Danaher received a recess appointment from President Dwight D. Eisenhower on October 1, 1953, to a seat on the United States Court of Appeals for the District of Columbia Circuit vacated by Judge James McPherson Proctor, taking the oath of office on November 20, 1953. He was nominated to the same position by President Eisenhower on January 11, 1954. He was confirmed by the United States Senate on March 30, 1954, and received his commission on March 31, 1954. He assumed senior status on January 22, 1969. After taking senior status, he served part time with the United States Court of Appeals for the Second Circuit.
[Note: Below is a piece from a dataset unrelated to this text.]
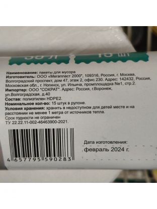 Пакеты Марья Искусница предназначены для утилизации мусорных отходов в быту, в офисах или на предприятиях. Изделие не подходит для жидких отходов, острых предметов и химически агрессивных веществ.

He took inactive senior status in 1980. His service terminated on September 22, 1990, due to his death in West Hartford, Connecticut, where he had resided since 1969. He was interred at the Sacred Heart Cemetery in Meriden.

Family

Danher's grandson, John A. Danaher III, is a Superior Court Judge who currently sits in Litchfield, Connecticut.

References

Sources

External links 
 John Anthony Danaher papers (MS 165). Manuscripts and Archives, Yale University Library. 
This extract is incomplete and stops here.